There must be a level of awareness from the university administration and from the departments of academic affairs within them regarding the challenges that students face (particularly in medicine) and the provision of conditions and arrangements to help those students mitigate the severity of the crises. The university that I studied at in the UK has a center whose main mission is to monitor the conditions of students that are affected by these issues and to provide the necessary counseling and assistance for them to overcome the crisis. This center has influence on the policies of the university and the decisions dealing with the content of the curriculum and their appropriateness to the capabilities of the students. In this manner, it affects the policies of the university towards the section of students that deals with these challenges, so like I mentioned, for example, they can give an extra 25% of the original exam time, in addition to a lot of facilitation and assistance that has to do with the timing of the exam, the student’s history, and the accompanying conditions.

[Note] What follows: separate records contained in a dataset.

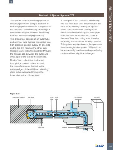 237DEEP HOLE DRILLINGMethod of Ejector System DTSThe ejector deep hole drilling system or double pipe system (DTS) is a system in which high pressure coolant is supplied to the machine spindle directly or through a connection adapter between the drilling tool and the machine (Figure 6.7.1.1).The drilling tool consists of an outer tube and an inner tube that are connected to a high-pressure coolant supply on one side and to the drill head on the other side. High pressure coolant is supplied through the annular gap between the outer and inner pipe of the tool to the drill head. Most of the coolant flow is directed through the coolant outlets around the circumference of the tool to the cutting edges of the drill head, allowing chips to be evacuated through the inner tube to the chip receiver. A small part of the coolant is fed directly into the inner tube via a sloped slot in the inner tube, thereby creating an ejector effect. The coolant flow coming out of the slots is directed along the inner pipe hole axis to its outlet end and sucks in the swarf from the cutting area, thereby improving the conditions for chip removal. This system requires less coolant pressure than the single tube system (STS) and can be successfully used on existing machining centers without significant changes.Figure 6.7.1.1workpiece material drill head outer tubeinner tubedouble tube connectormachinepilot hole stopper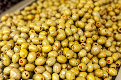A heap of big fresh Italian ripe green olives with paprika filling. Traditional local food market / bazaar wet olive stack closeup, background texture, nobody, mediterranean food concept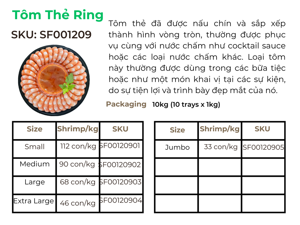 - Bao bì đẹp sang trọng - Giá thành phù hợp: Tôm thẻ được đóng gói trong bao bì thiết kế đẹp mắt và sang trọng, phù hợp làm quà tặng hoặc xuất khẩu. Giá thành hợp lý của sản phẩm phù hợp với cả thị trường nội địa và quốc tế, làm nổi bật giá trị thực sự của sản phẩm.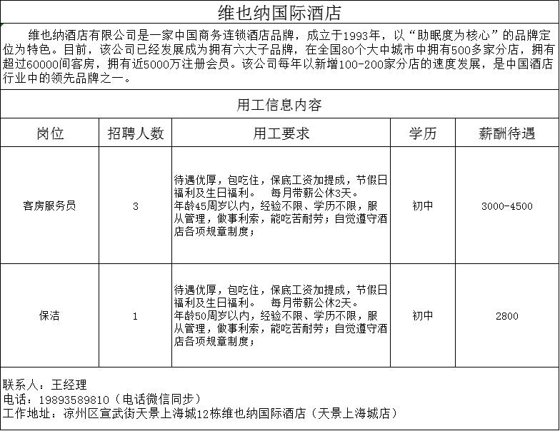 武威维也纳国际酒店,招聘客房服务员名,保洁1人,详情看图,联系人:王经理,电话:19893589810(电话微信同步)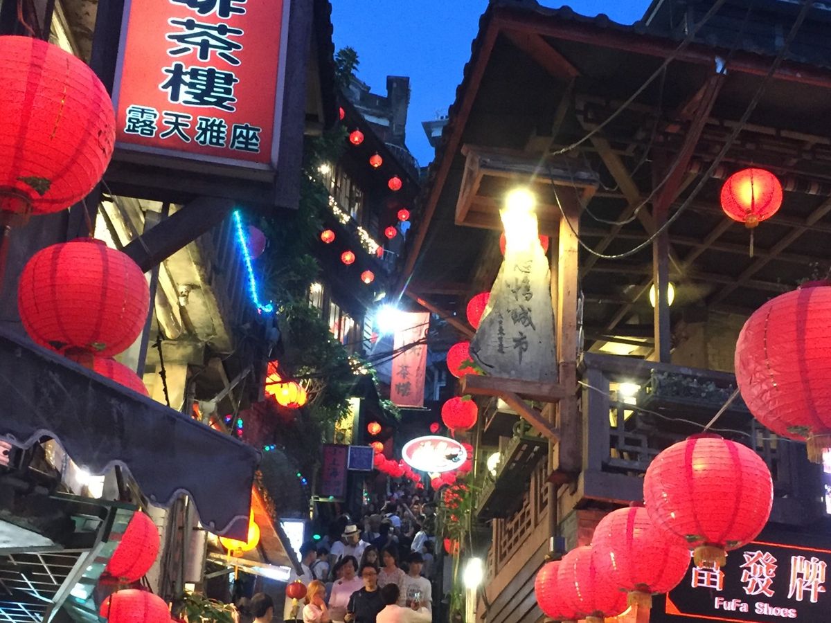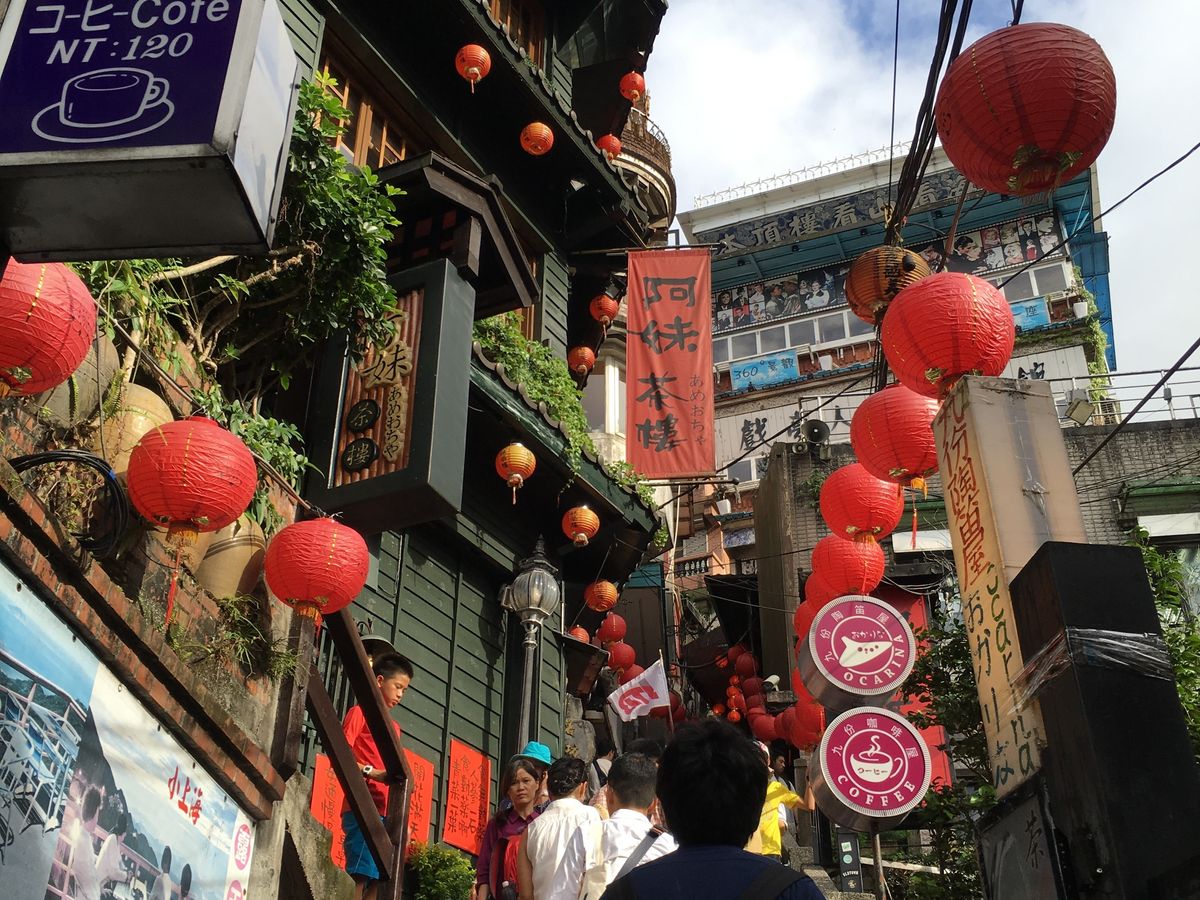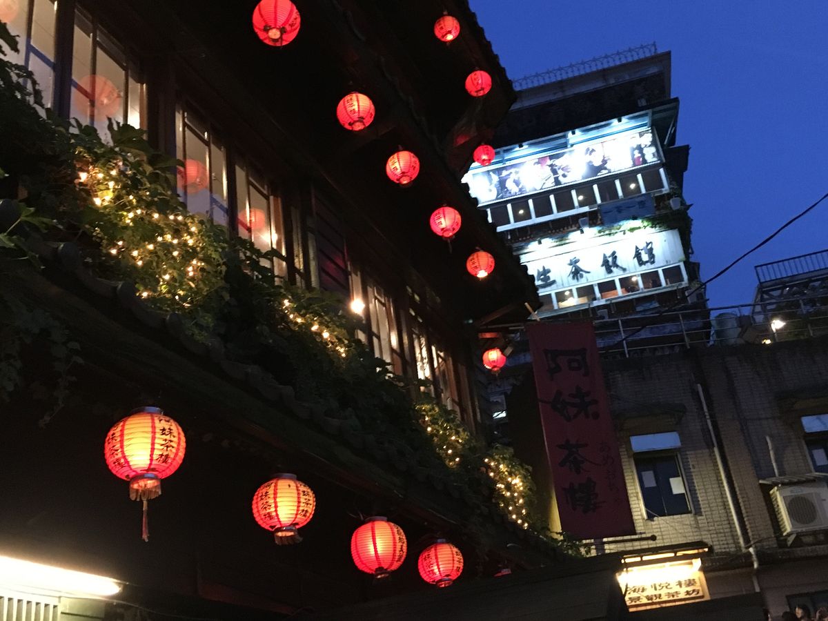 台湾に午前中に到着し、夜のツアーに参加しました。夏休みで人気観光地のため、人も多かったですが激混みではなく"ゆばーば屋敷"の阿妹茶樓も並ばずに夕日の見える2階テラス席に座ることができました。九份の夕暮れがとても美しく、夜の赤提灯の世界も華やかで"千と千尋の神隠し"の世界観に浸ってきました。

Secondly, there must be awareness from the community about such problems, and we must move away from immediately blaming or simply explaining that it is ‘the evil eye or witchcraft or envy’ because many times the matter is just a psychological issue that needs some care or assistance. People must also understand that depression or anxiety are psychological illnesses that actually affect peoples’ lives in practice, not weaknesses on the part of the student, and that students can overcome these illnesses with a little care and assistance to return to living their normal lives.